• Required action
Output exactly the lines from the one containing "Entretanto faço uns" through the final line of the entries below, both included, and skip the pictures.

**********

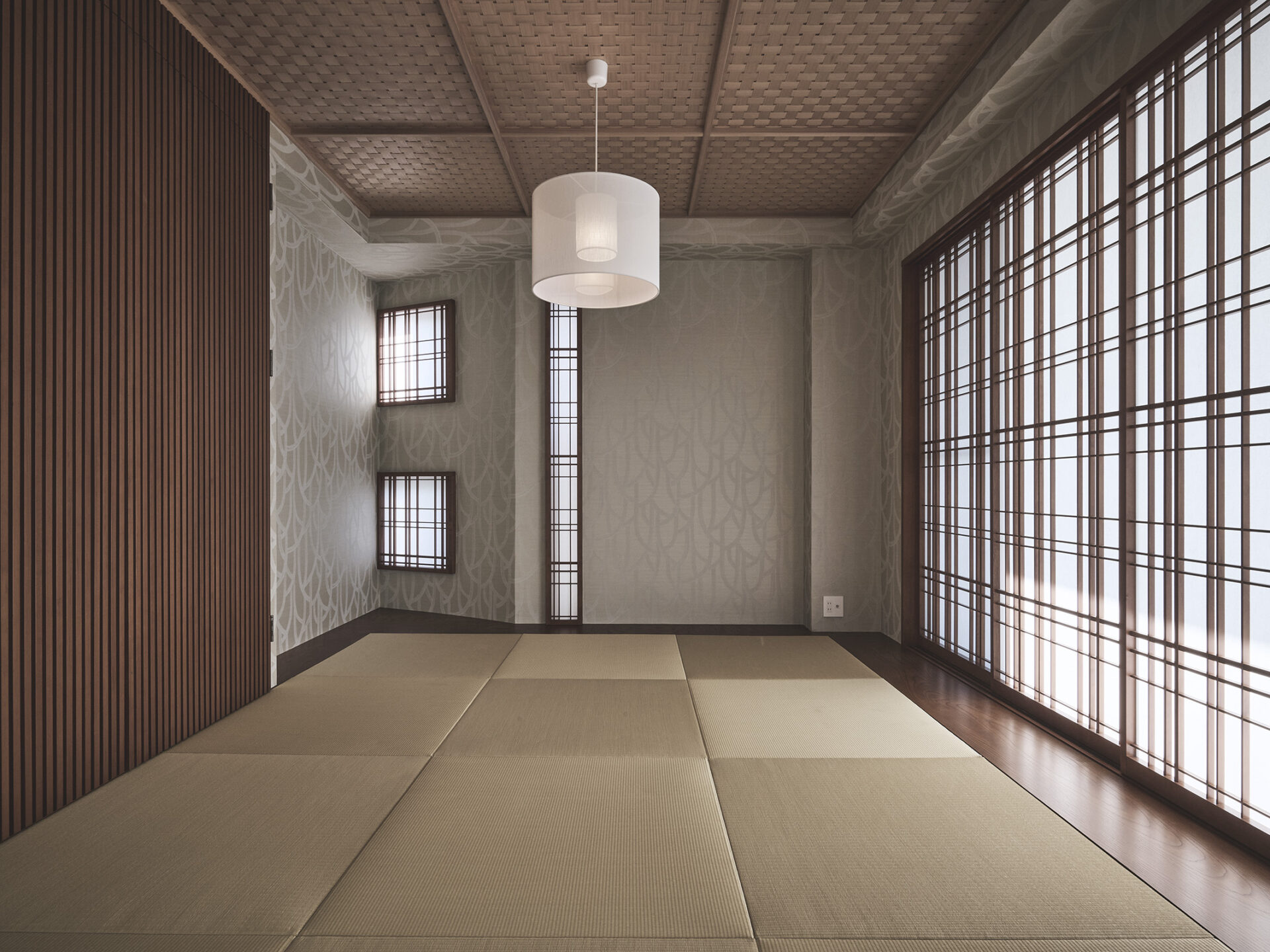 和室は、網代天井(本物)や輸入クロス、琉球畳を採用。障子にはタータンチェック柄となるよう組子の配置やバランスを細かく調整し、素材選定だけでなく施工技術によっても通常の和室とは異なる特別感を演出しました。
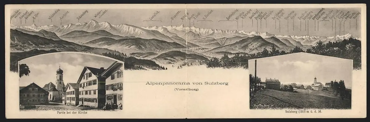 Klapp-AK Sulzberg /Vorarlberg, Alpenpanorama und Partie bei der Kirche
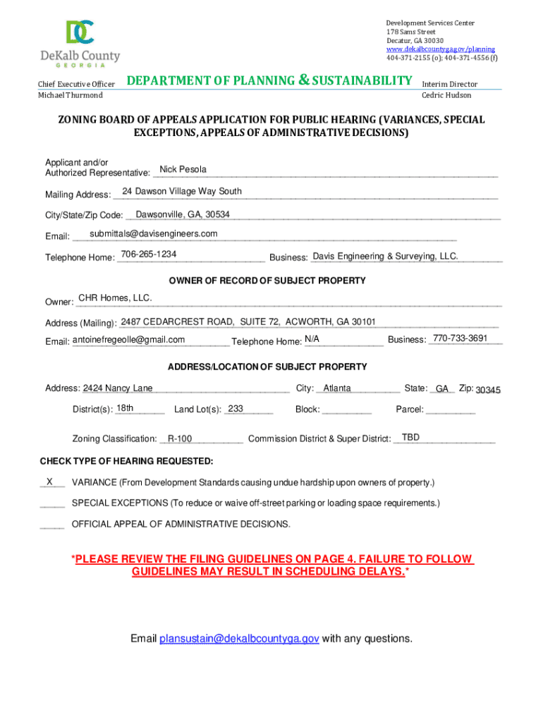 Development Services Center 178 Sam's Street Decatur, GA 30030 www.dekalbcountyga.gov/planning 4043712155 (o); 4043714556 (f)Chief Executive Officer Michael ThurmondDEPARTMENT OF PLANNING & SUSTAINABILITYInterim
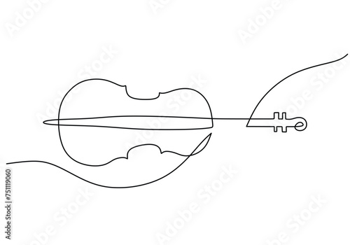 Violin one line art drawing. Music instrument object vector illustration. Hand drawn sketch continuous single outline. Classical string viola for melody playing.
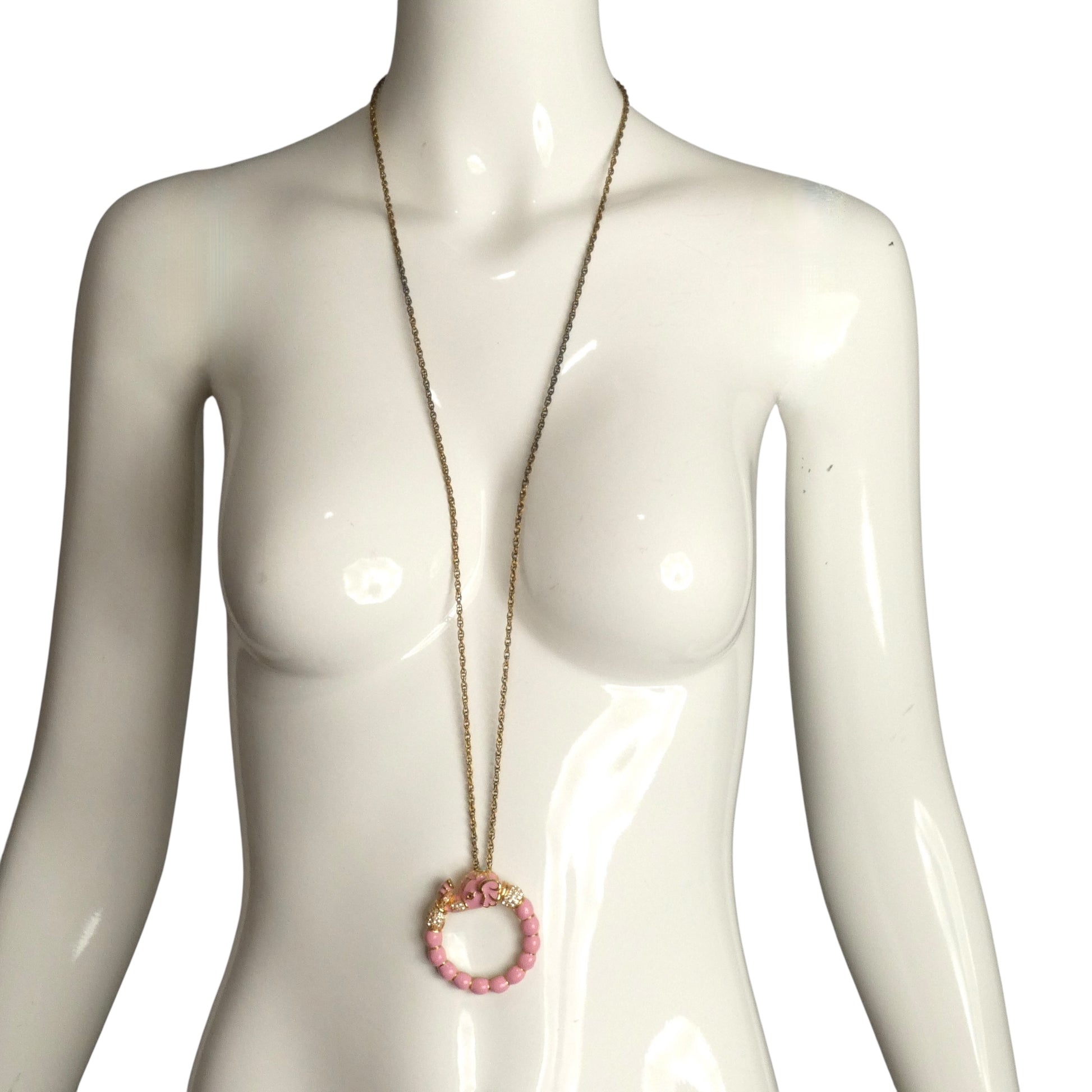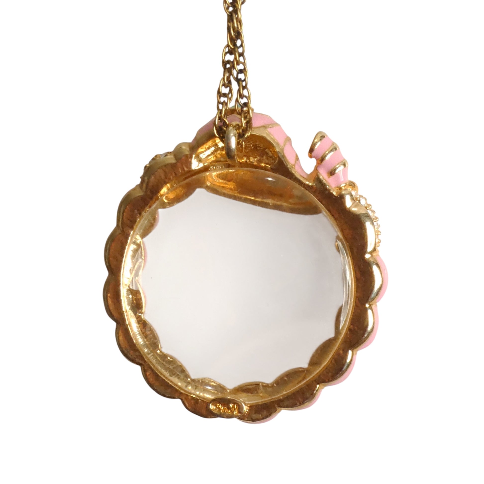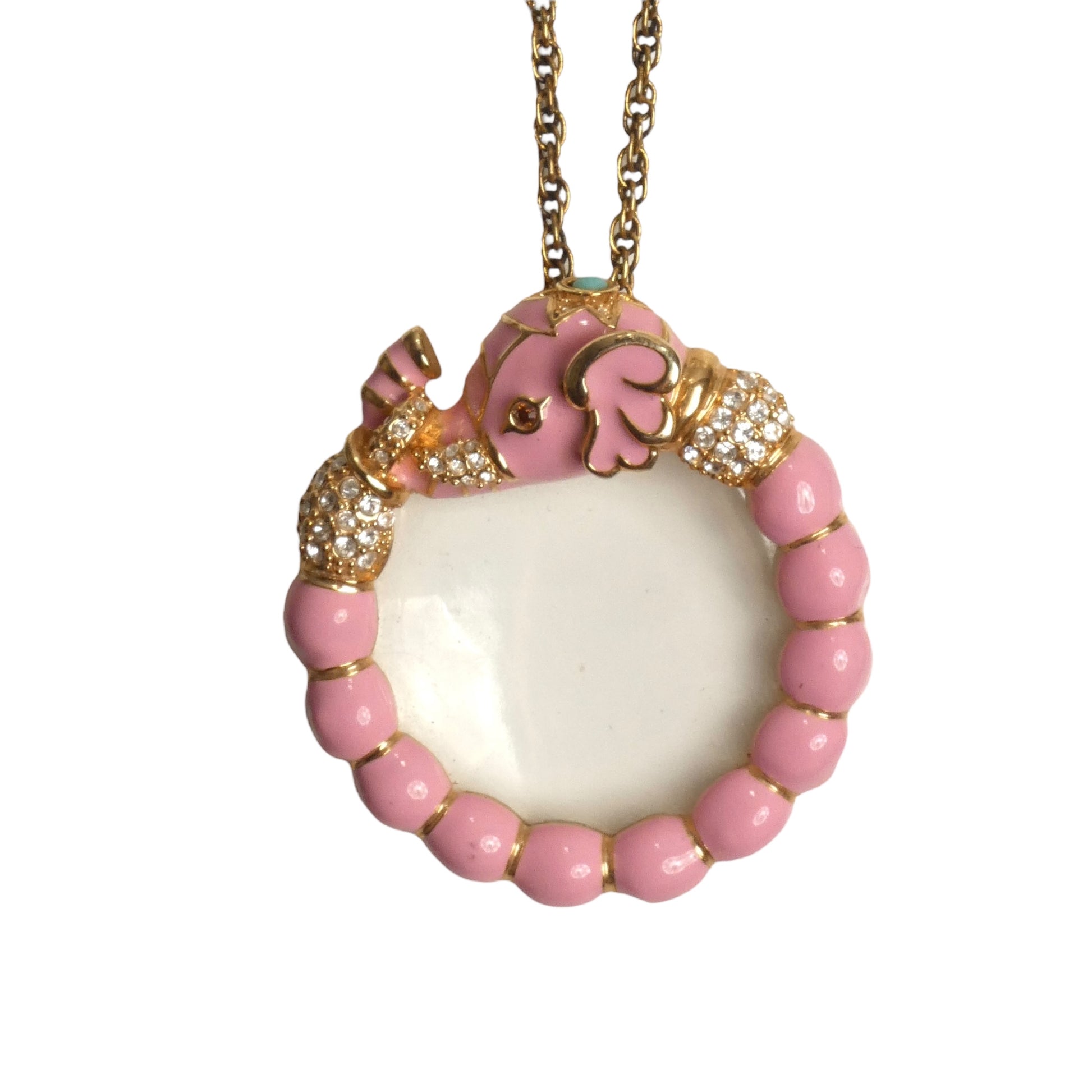 KENNETH J LANE- 1980s Pink Elephant Monocle Pendant
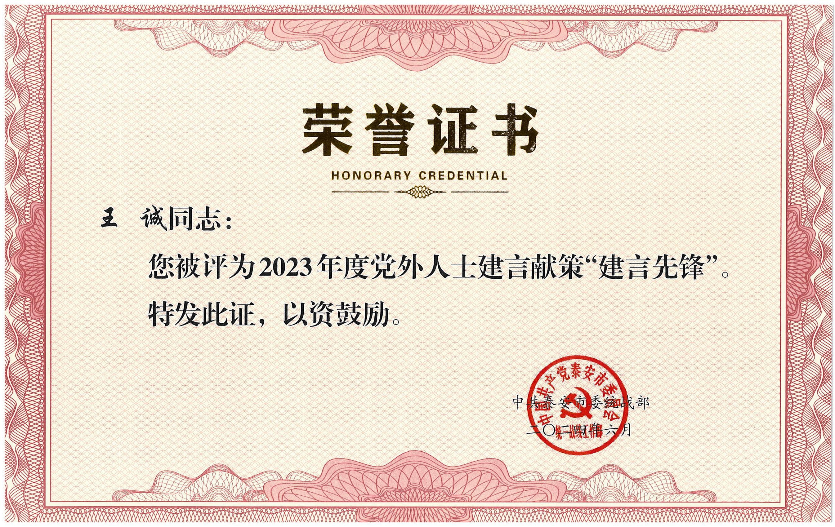 王誠董事長榮獲中共泰安市委統戰部多項榮譽
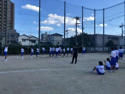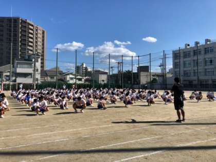 ラジオ体操とクラス対抗競技である大縄跳びの練習をしました。
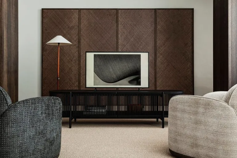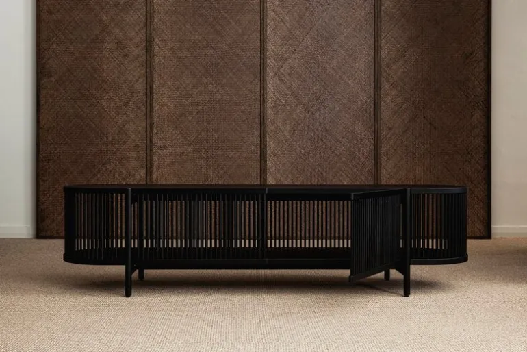 Bastone sideboard is a timeless and sculptural art piece designed by master cabinetmaker Antrei Hartikainen for the Finnish Poiat. The sides of the solid wood sideboard are made of wooden slats that filter light inside and cast beautiful shadows around it. The thick shelves and top provide a stable structure and contrast with the transparent sides. Bastone creates a captivating setting for your favorite items in any room. Fill it with books and decorative objects in the living room, use it for storing tableware in the kitchen, or, thanks to the open structure, you can also place a houseplant or decorative lamp inside it.
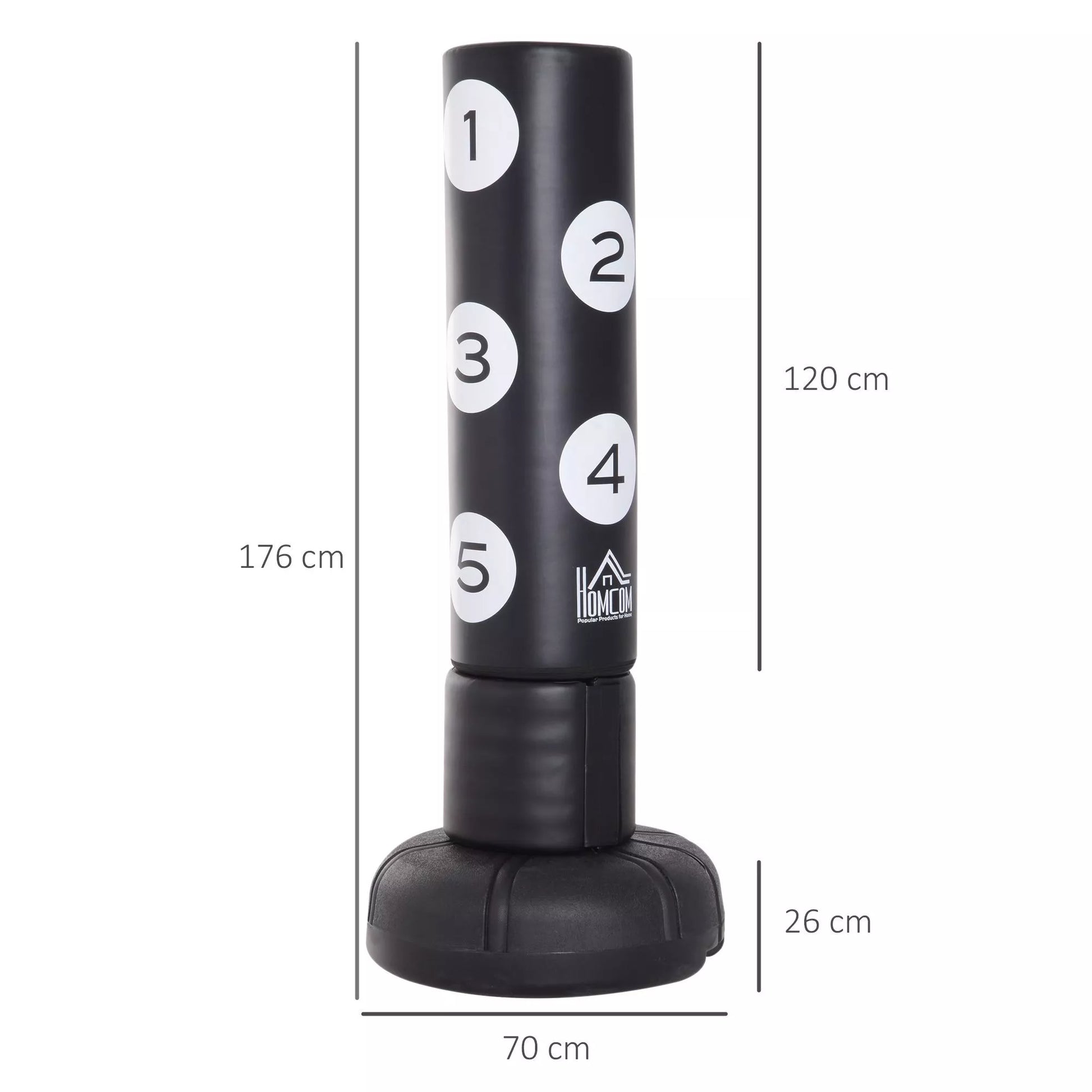 Laisvai stovintis bokso maišas su stovu ir plastiko pagalve, 176 cm, tinka profesionalams ir pradedantiesiems, juodos spalvos
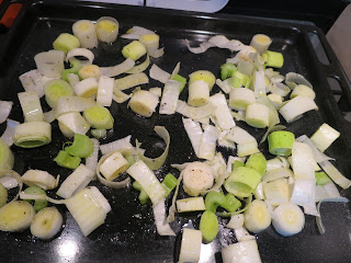 Entretanto faço uns legumes assados no forno, como tinha em casa alho francês simplesmente cortei, coloquei azeite, sal e pimenta e assei no forno, até ficarem tenros.Imagino que se tivesse tomate, courgette também poria...
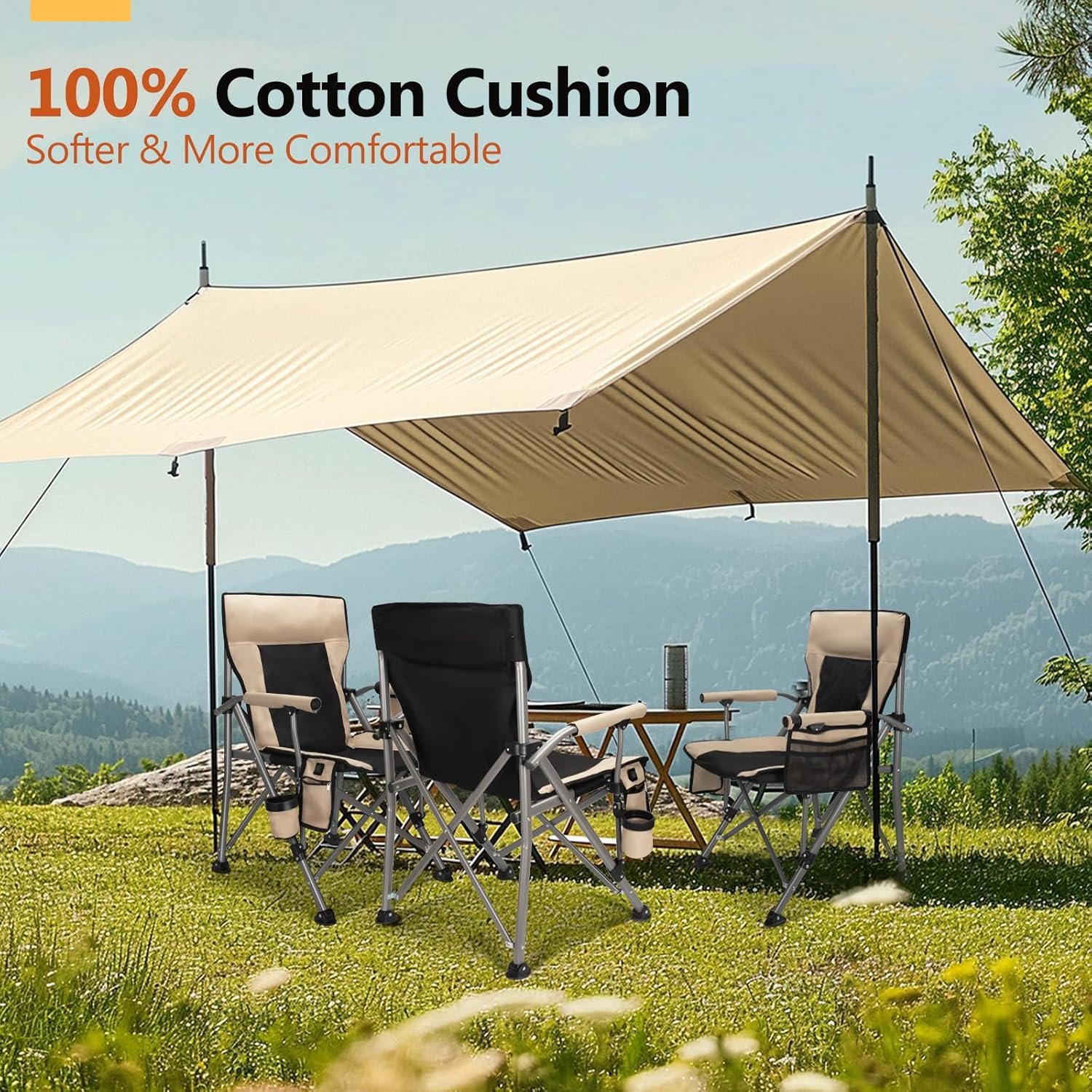 - 【Softer and More Comfortable】Distinguished from ordinary camping chairs, the backrest and seat of the camping chairs use a lot of padding and soft fabric, which makes it more comfortable to sit. The wide footrest makes the seat more stable, and the oversized armrests allow you to rest your hands at any time.

**********

• Task solution
 Entretanto faço uns legumes assados no forno, como tinha em casa alho francês simplesmente cortei, coloquei azeite, sal e pimenta e assei no forno, até ficarem tenros.Imagino que se tivesse tomate, courgette também poria...
 - 【Softer and More Comfortable】Distinguished from ordinary camping chairs, the backrest and seat of the camping chairs use a lot of padding and soft fabric, which makes it more comfortable to sit. The wide footrest makes the seat more stable, and the oversized armrests allow you to rest your hands at any time.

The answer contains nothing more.